We lived in houses with a Karen family. This was rewarding, since we really saw how they lived their daily routine and how they interacted with one-another, and in the end we realised that their lives were very similar to ours, even if this did not initially appear to be the case. They were so interested in us and how we interacted with one another, and we often realised that we had an audience whilst we were going about our daily activities. However, over time the interaction between us grew frustrating since the language barrier prevented us discussing how our lives differed. We could never convey to them how grateful we were to them for making us so welcome, and for looking after us so well. I took a photograph of my family, which became hugely valuable because the villagers could directly relate to the family roles, and compare my family to their own.

It was often through gestures when we could best communicate with the Karen. However those gestures we thought universal, such as a thumbs up, were not understood. Even a ‘come here’ hand wave caused problems, when we thought they were telling us to go the other way. The only gesture that really worked between the
two cultures was a smile – and once we realised this we all went around with huge grins on our faces.

The men and women in the village clearly had different roles. The men were in charge, and did a lot of the hard labour. The women worked hard for the village out in the rice fields, but also brought up the children. This clear segregation between sexes was the most obvious difference between Karen and western culture. As a consequence, the way the men and women acted towards us varied a great deal. I had previously though that the women of my age would be easiest to relate to, but they were very withdrawn and tentative with us, socialising with each other in private. In contrast, the men in the village were very open with us, and interacted with the western boys through games of football. There were clear barriers to the Karen women joining in with this, since men and women culturally did not socialise unless  married. In fact, when one of the western girls from our team joined the football game, this was a spectacle for the villagers.
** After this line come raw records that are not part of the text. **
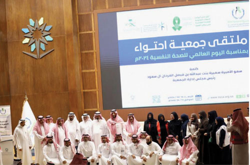 ففي حفل تدشين (الكتاب) أقيم حفل للتعريف بمرض الفصام بمناسبة اليوم العالمي للصحة النفسية، قدمت لنا فبه المدير التنفيذي د منال صوان عرضا تعريفيا متكاملا عن عمل الجمعية بإحصائيات وأرقام، ويعكس هذا العرض رؤية الجمعية في السعي لتحقيق جودة حياة مرضى الفصام وأسرهم من خلال برامج وشراكات فاعلة وفرق عمل احترافية ونظام محوكم متميز وبيئات جاذبة. والطموح المستقبلي للجمعية في إقامة منتجع خاص لفترة نقاهة المريض. لقد أعجبت كثيرا بموقف سمو الأميرة رئيس مجلس الإدارة في مشاركتها فريقها كل التفاصيل وفي إعطاء اهتمامها لكل المساهمين في تنظيم ملتقى احتواء بمن فيهم الفرق المتطوعة، فكانت تسير وترحب بالجميع وتصافح الجميع برعاية أمومية مدهشة، وكأنها وردة تفوح عطرا وجمالا.
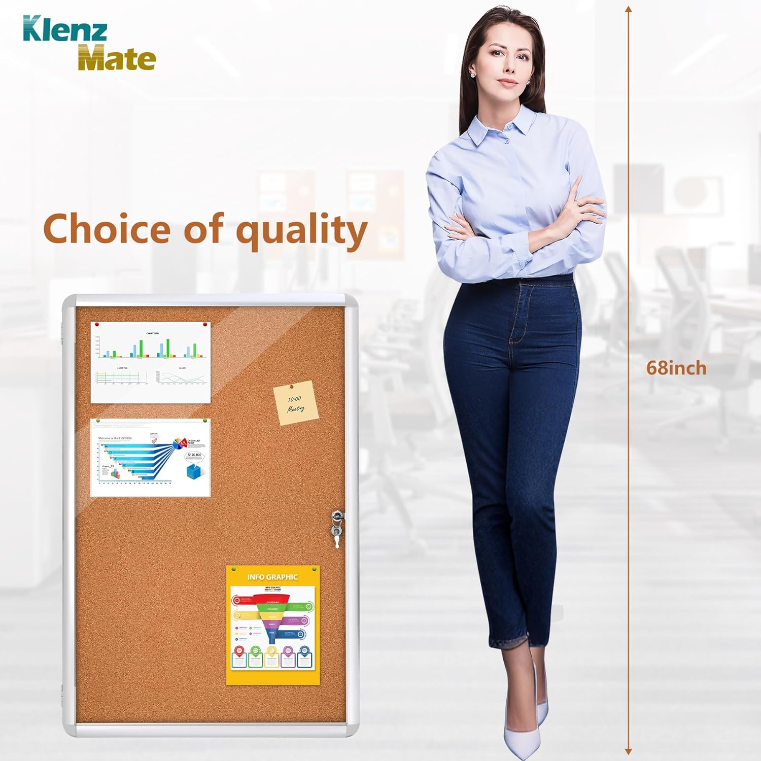 - High-quality Details: Eco-friendly cork backing, self-repairing, accepts pins and tacks. Shatter-resistant acrylic door,scratch-resistant silver-plated aluminum frame and ABS round plastic corners
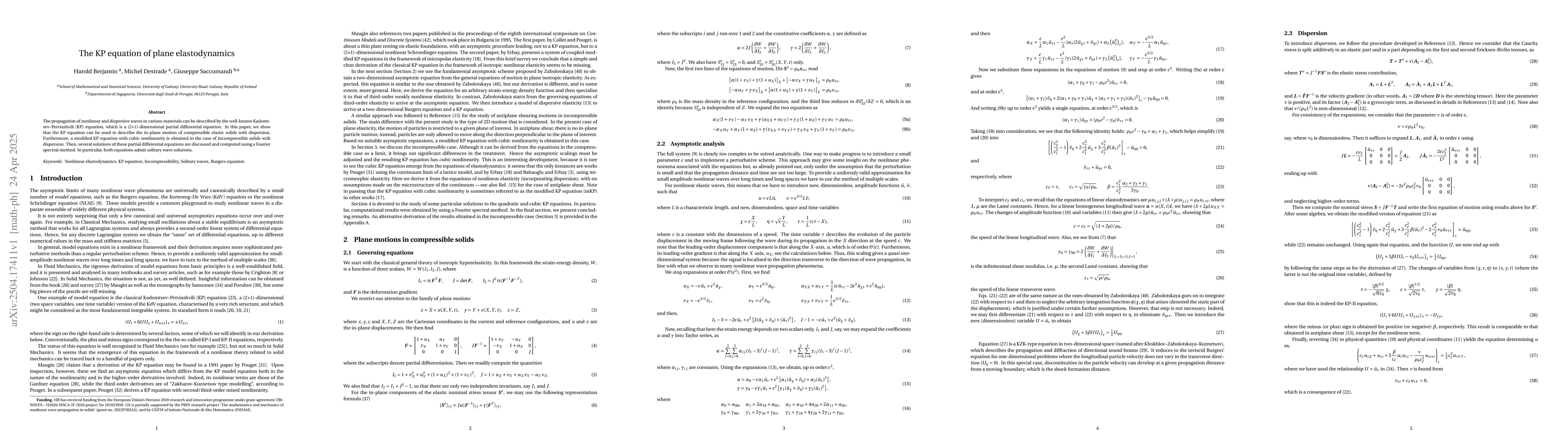 Researchers show that the Kadomtsev-Petviashvili equation can describe in-plane motion of compressible elastic solids with dispersion, and a modified equation for incompressible solids is also derived.

I found this segregation difficult to deal with, since it did not appear that the women had many options available to them. I was told by one Karen man that at the age of 22, ‘my truck was gone’, meaning no-one would want to marry someone as old as 22 – in the Karen culture I would be considered an old maid! However, things are changing, and many young people in the current generation have chosen not yet to marry and left the village for a work or a university education. For those who chose not to leave, it was clear that they fully embraced their role in village life. Family was at the core of this community, and the woman’s role was highly respected by the men. From living closely with a family, it became clear that she was running the
show, whatever appearances may have suggested!
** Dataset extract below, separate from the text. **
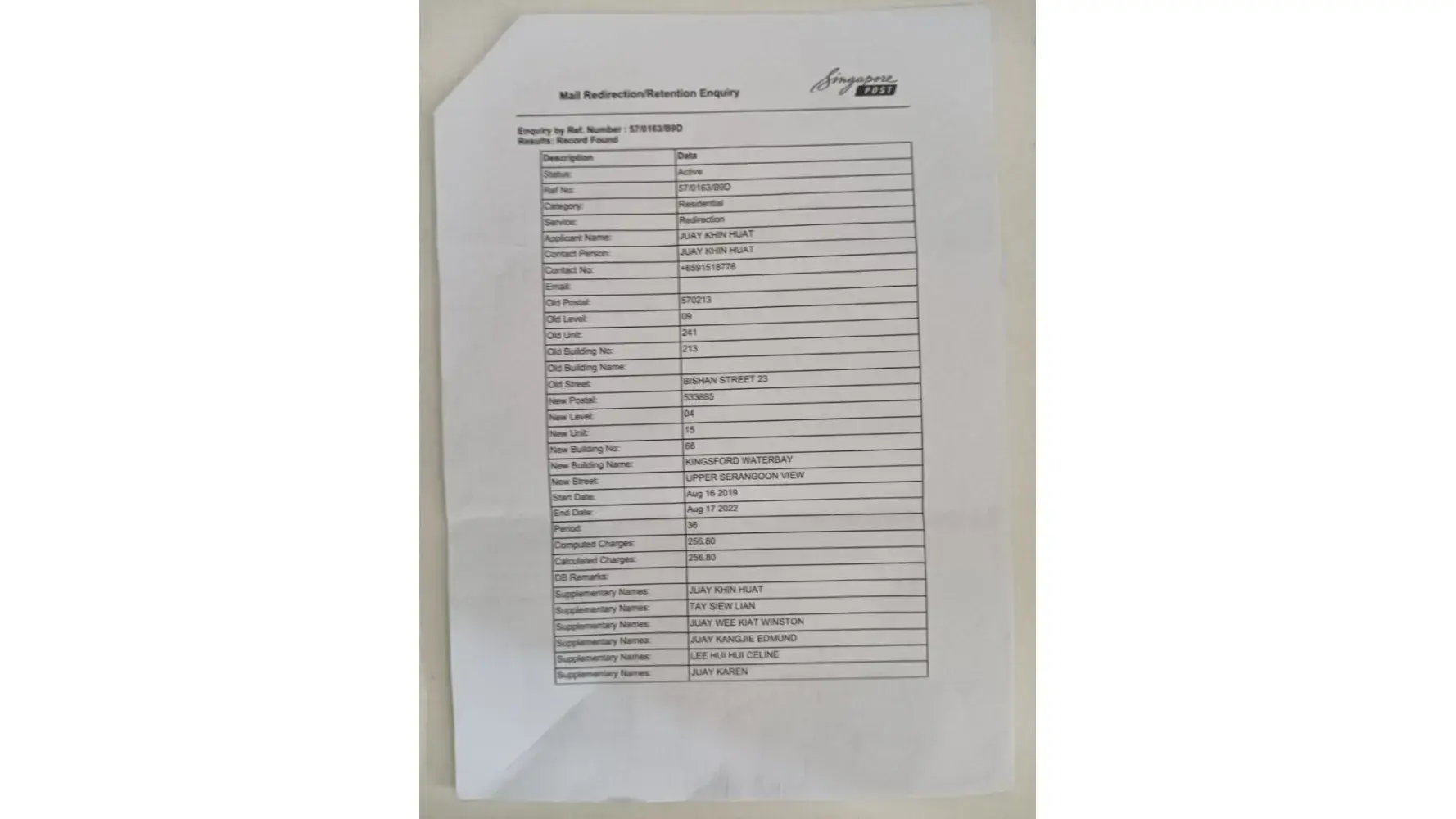 I have applied Mail Redirection Service from Singapore Post & paid $256.80 every six month. In order to forward any mails from my residentail address : Blk 213 #09 - 241Bishan Street 23 to Redirect them to my mailing address at 66, Upper Serangoon View #04 - 15 Singapore 533885 with Supplementary Names as per applied {see attach}.
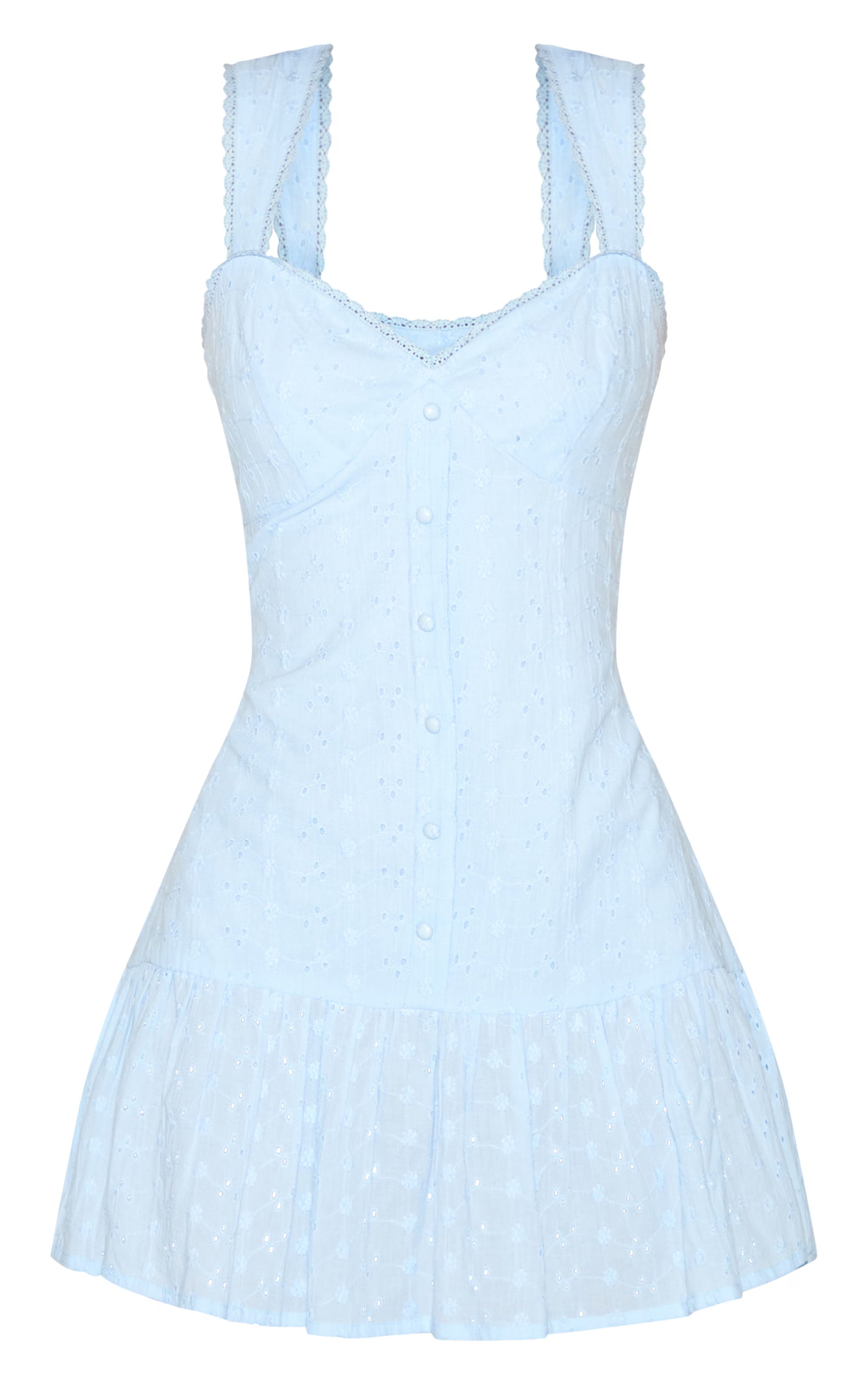 Soft pastels anchor confident day style. The Pale Blue Embroidered Button Down Sleeveless Shift Dress offers a knowing cut in delicate pale blue, featuring intricate eyelet embroidery woven into the fabric. It shapes a defined sweetheart neckline and functional button-down front, falling to a mini skirt completed with an artful ruffle hemline. Pair this essential piece with minimalist flat sandals or clean sneakers and a simple tote bag for an effortlessly polished look ready for sunlit hours.

On the final night in the village, a huge party was thrown to celebrate the successful end of the project. The Karen women had woven each of us a bag which was presented to us ceremonially. In exchange, we had brought some British party traditions with us, which went down wonderfully. We blew up balloons, and the
toddlers in the village spent the entire afternoon playing with them. I had some bubbles, and soon enough I had 20 children chasing the bubbles all through the village and coming back for more. We had face paints, which we demonstrated by painting ourselves – when we came out there was a queue of women holding up their babies for us to paint. Even a skipping rope caused one of the older Karen men to run down the track in excitement of joining in. The Karen women, who had been so difficult to engage with, were dragging us around wanting us to take photos of them, and the children wanted us to dance with them. This party was the first time we felt part of the village community, although sadly it signified that it was time to leave. This party made us realise how grateful the villagers were that we had visited.